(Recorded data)
________________________________________
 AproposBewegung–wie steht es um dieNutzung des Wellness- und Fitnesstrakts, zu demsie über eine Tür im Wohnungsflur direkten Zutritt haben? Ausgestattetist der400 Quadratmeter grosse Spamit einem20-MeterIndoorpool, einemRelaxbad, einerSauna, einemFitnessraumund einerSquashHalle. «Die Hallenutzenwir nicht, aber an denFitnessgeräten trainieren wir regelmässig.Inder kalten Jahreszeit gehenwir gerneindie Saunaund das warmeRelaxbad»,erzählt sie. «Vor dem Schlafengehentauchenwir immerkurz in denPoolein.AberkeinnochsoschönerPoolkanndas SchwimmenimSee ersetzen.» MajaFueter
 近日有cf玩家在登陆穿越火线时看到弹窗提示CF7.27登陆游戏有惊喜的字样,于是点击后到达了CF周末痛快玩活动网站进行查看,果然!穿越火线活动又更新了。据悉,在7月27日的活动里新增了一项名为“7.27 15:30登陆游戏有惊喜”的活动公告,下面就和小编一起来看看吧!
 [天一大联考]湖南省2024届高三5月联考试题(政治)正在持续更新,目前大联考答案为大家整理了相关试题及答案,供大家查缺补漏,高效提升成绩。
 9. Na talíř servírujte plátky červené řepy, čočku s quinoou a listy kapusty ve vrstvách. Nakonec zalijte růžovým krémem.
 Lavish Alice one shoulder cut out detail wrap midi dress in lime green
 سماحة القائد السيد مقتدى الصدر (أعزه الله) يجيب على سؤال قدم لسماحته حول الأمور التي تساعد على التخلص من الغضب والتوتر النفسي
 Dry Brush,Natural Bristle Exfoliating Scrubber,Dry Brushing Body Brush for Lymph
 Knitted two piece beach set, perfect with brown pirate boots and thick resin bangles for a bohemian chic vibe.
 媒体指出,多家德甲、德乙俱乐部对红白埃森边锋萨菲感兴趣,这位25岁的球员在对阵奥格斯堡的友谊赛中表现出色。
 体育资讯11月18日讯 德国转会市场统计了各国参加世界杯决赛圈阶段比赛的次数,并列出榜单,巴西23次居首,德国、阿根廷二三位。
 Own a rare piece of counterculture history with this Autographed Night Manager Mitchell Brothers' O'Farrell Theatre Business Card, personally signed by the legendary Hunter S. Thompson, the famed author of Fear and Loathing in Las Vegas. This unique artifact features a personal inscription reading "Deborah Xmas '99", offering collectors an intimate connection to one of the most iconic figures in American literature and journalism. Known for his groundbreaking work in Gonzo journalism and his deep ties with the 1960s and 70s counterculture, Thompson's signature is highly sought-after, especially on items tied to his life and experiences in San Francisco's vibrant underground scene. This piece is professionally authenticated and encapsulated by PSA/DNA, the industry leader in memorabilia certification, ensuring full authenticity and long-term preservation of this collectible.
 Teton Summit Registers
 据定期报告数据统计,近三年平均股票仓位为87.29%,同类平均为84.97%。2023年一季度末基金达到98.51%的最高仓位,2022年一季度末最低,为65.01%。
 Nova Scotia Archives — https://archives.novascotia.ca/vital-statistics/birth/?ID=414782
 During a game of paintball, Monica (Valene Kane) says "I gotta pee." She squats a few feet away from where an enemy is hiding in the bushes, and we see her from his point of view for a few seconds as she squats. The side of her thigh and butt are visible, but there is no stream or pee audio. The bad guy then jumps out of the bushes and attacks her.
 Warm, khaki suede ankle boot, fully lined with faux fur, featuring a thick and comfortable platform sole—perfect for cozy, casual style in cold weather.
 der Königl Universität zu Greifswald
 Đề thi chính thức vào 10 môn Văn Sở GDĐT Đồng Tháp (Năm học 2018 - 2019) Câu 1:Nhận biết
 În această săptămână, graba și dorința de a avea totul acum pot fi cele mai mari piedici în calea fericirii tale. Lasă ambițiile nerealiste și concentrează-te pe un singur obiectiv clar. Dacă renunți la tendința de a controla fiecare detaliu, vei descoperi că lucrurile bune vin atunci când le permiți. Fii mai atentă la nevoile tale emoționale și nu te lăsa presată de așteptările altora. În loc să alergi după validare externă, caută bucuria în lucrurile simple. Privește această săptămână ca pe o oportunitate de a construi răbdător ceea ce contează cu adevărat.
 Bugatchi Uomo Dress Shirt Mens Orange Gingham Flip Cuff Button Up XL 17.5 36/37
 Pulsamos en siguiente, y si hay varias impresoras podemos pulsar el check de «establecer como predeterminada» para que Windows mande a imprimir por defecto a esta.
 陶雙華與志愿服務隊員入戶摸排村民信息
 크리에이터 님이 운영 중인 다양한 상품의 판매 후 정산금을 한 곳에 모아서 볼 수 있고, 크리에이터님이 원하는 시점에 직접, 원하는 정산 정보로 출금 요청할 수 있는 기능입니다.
________________________________________
• Exercise objective: Tell how many lines of the data above hold the string "perfect". The number alone is the answer.

• Written response: 2